In my last blog, I discussed how IT service management (ITSM) roles (and rules) are becoming more operations-aware. The blog examined a number of key game-changers for ITSM, including a growing requirement for shared analytics; the rise (not the demise) of the CMDB/CMS and service modeling; cloud as both a catalyst for innovation and a resource to be managed; and support for enterprise services such as facilities and HR. I also discussed two topics, mobility and unified endpoint management, that I’d like to examine in more depth here.

Mobility is King

OK — you probably didn’t need me to tell you that mobility is critical, but let me place its growing criticality in a more specific ITSM context with a few numbers.

■ 62% of our 270 respondents viewed lifecycle mobile support as “significantly” or “completely” impacting ITSM directions.

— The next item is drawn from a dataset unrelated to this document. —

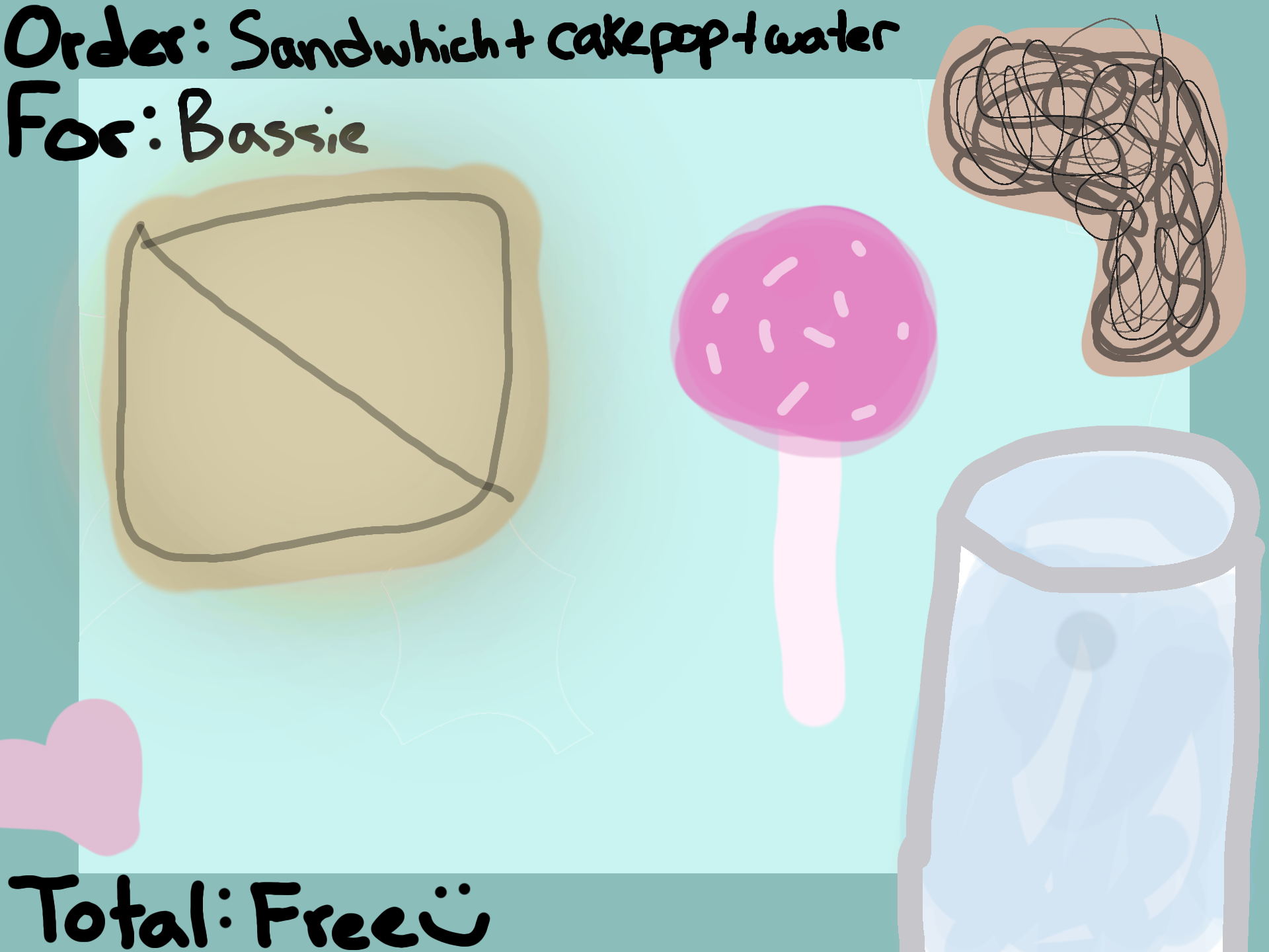 Order: sandwich + cakepop + water For: @Bassie_is_the_b45k3tSize: STotal: Free :heart: Made By: @thewesternblondeHave A Good Day!!! :) #ZoeOrderLayout #zoesespresso10

■ Mobility is anything but one-dimensional. In fact when we got the data for how actual mobile endpoints are being used by end users and ITSM professionals, the charts looked almost identical.

- 48% of end users and 45% of IT professional usage includes tablets, iPhones, Androids, and other mobile devices.

- 26% of both end users and IT professionals are using a mix of iPhone, Android, or other similar mobile endpoints (but no tablets).

- Only 15% (of end users) and 17% (of IT professionals) say they are not yet focused on any mobile devices.

■ 63% are using mobile endpoints in support of ITSM professionals with the following top-ranked results:

- Improved responsiveness to IT service consumers

- Increased IT efficiencies and reduced OpEx costs

- Improved collaboration between the service desk and operations

■ About two-thirds of our respondents allow end users to access corporate applications via mobile endpoints. And 50% of respondents offer their end users mobile access for ITSM-related requests and other interactions. Of these last, 78% saw “meaningful” or “dramatic” improvements in service delivery.

How Unified is Unified Endpoint Management?

Mobile is, of course, part of a bigger picture when it comes to endpoints. And here, our respondents generally favored integration and unified approaches. For instance, concerning mobile management, 58% preferred an integrated application that could support device management, configuration management, and enterprise mobility. Looking at endpoints more broadly, 82% viewed a unified console for managing mobile and traditional endpoints as “important” or “essential.”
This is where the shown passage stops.